(Collection entries)
--*--

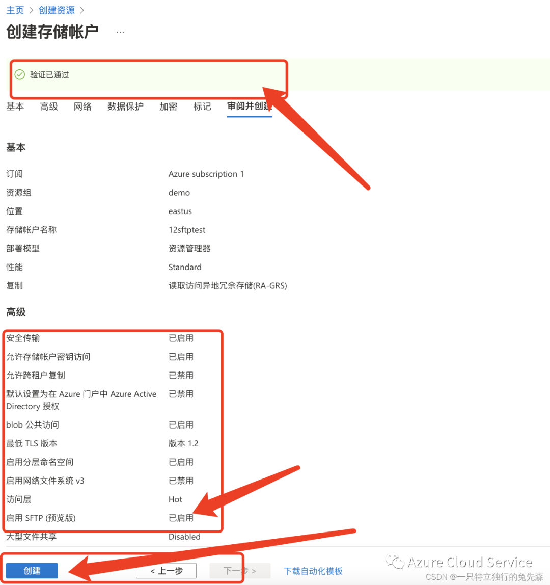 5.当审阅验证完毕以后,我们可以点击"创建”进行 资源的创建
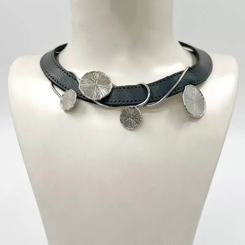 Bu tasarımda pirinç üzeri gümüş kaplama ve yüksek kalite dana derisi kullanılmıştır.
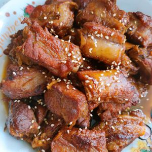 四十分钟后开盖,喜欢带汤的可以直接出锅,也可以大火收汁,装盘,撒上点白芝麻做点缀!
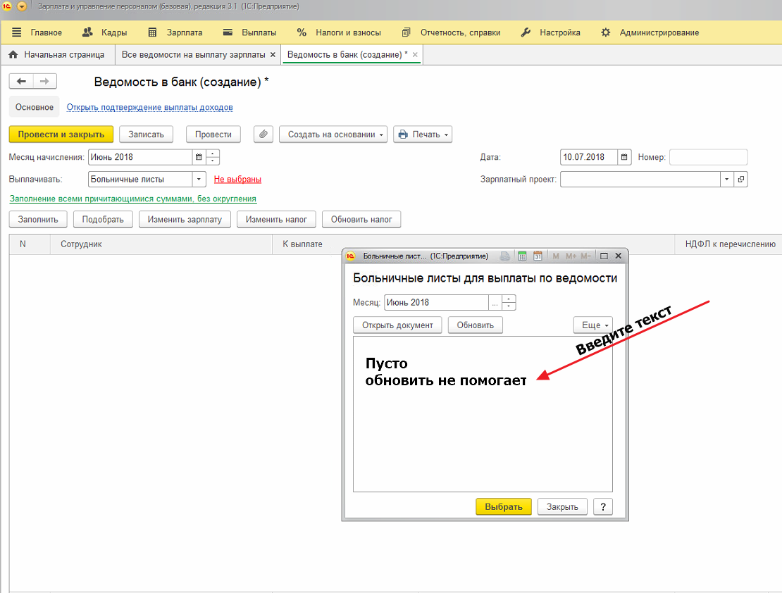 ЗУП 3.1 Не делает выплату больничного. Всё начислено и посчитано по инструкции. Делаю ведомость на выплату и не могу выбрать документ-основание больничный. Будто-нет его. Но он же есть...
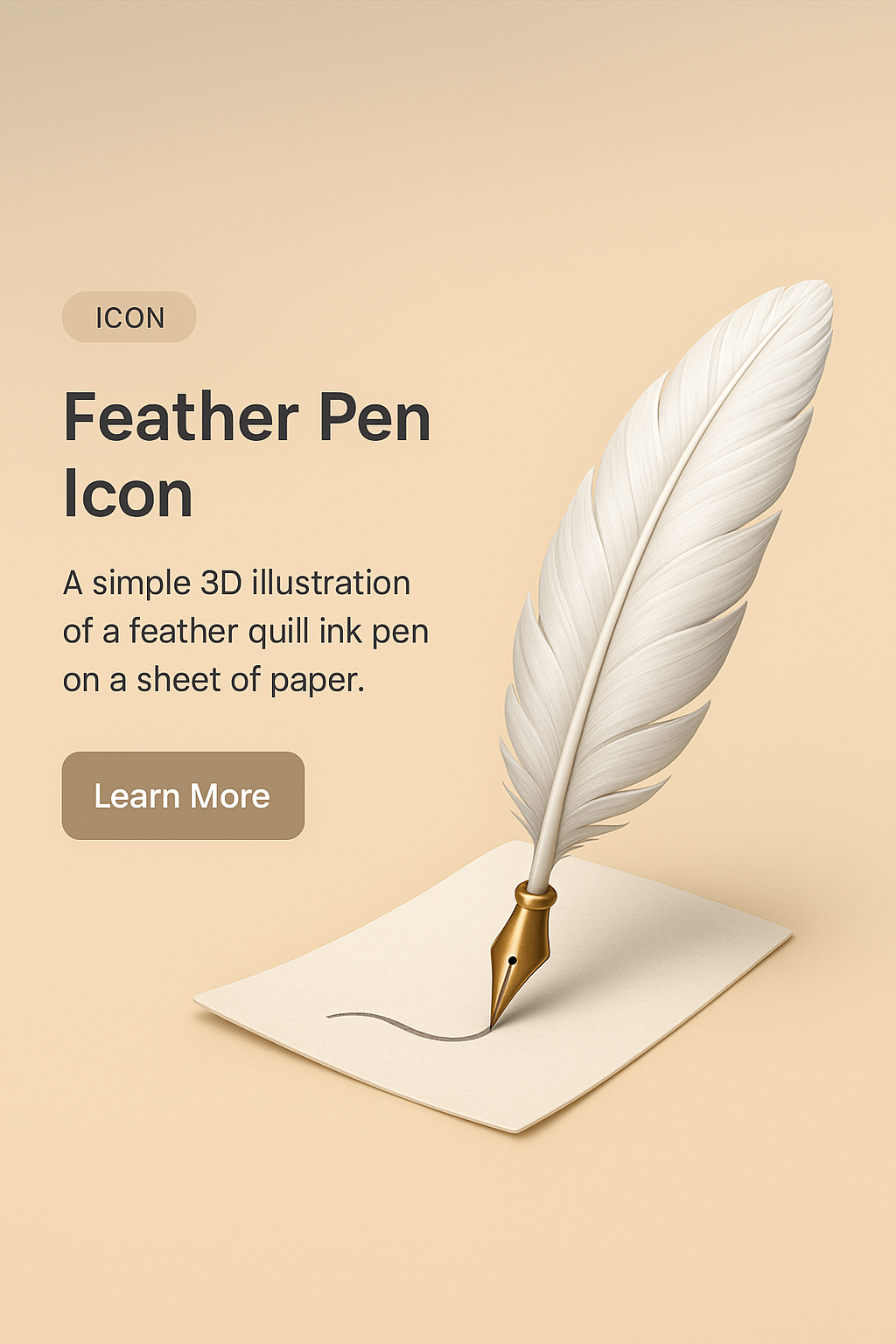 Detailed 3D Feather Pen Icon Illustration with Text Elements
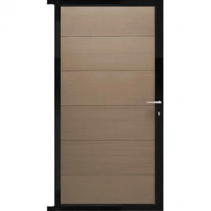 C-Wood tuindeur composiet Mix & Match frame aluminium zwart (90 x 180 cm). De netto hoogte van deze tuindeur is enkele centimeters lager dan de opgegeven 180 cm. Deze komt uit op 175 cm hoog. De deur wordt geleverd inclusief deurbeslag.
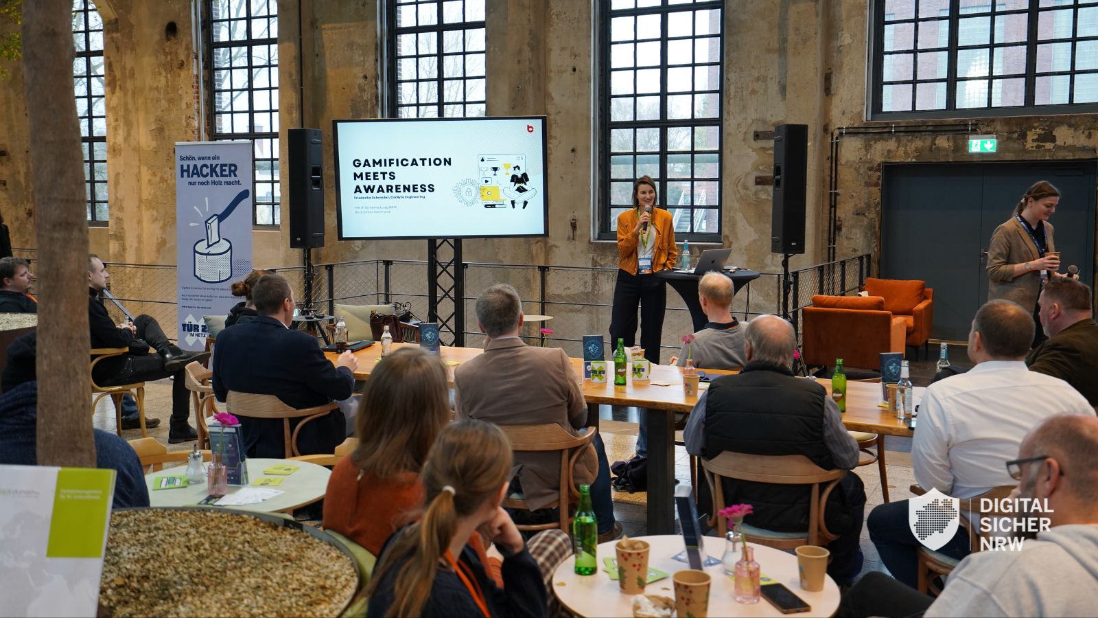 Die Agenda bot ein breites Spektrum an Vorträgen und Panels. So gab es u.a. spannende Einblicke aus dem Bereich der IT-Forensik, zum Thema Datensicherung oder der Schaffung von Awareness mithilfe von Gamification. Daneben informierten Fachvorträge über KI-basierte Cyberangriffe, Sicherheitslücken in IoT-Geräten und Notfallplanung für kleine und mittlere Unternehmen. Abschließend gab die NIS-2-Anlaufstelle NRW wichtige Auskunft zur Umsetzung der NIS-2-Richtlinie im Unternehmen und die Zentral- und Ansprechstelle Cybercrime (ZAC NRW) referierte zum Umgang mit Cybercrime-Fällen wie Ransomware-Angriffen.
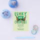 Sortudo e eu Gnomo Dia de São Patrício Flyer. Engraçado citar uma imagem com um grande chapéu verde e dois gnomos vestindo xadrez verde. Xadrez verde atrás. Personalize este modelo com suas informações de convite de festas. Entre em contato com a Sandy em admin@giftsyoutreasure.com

--*--

◆ WORK INSTRUCTION ◆
The result should be the full set of entries above, restated exactly and without images.

◆ TASK SOLUTION ◆
 5.当审阅验证完毕以后,我们可以点击"创建”进行 资源的创建
 Bu tasarımda pirinç üzeri gümüş kaplama ve yüksek kalite dana derisi kullanılmıştır.
 四十分钟后开盖,喜欢带汤的可以直接出锅,也可以大火收汁,装盘,撒上点白芝麻做点缀!
 ЗУП 3.1 Не делает выплату больничного. Всё начислено и посчитано по инструкции. Делаю ведомость на выплату и не могу выбрать документ-основание больничный. Будто-нет его. Но он же есть...
 Detailed 3D Feather Pen Icon Illustration with Text Elements
 C-Wood tuindeur composiet Mix & Match frame aluminium zwart (90 x 180 cm). De netto hoogte van deze tuindeur is enkele centimeters lager dan de opgegeven 180 cm. Deze komt uit op 175 cm hoog. De deur wordt geleverd inclusief deurbeslag.
 Die Agenda bot ein breites Spektrum an Vorträgen und Panels. So gab es u.a. spannende Einblicke aus dem Bereich der IT-Forensik, zum Thema Datensicherung oder der Schaffung von Awareness mithilfe von Gamification. Daneben informierten Fachvorträge über KI-basierte Cyberangriffe, Sicherheitslücken in IoT-Geräten und Notfallplanung für kleine und mittlere Unternehmen. Abschließend gab die NIS-2-Anlaufstelle NRW wichtige Auskunft zur Umsetzung der NIS-2-Richtlinie im Unternehmen und die Zentral- und Ansprechstelle Cybercrime (ZAC NRW) referierte zum Umgang mit Cybercrime-Fällen wie Ransomware-Angriffen.
 Sortudo e eu Gnomo Dia de São Patrício Flyer. Engraçado citar uma imagem com um grande chapéu verde e dois gnomos vestindo xadrez verde. Xadrez verde atrás. Personalize este modelo com suas informações de convite de festas. Entre em contato com a Sandy em admin@giftsyoutreasure.com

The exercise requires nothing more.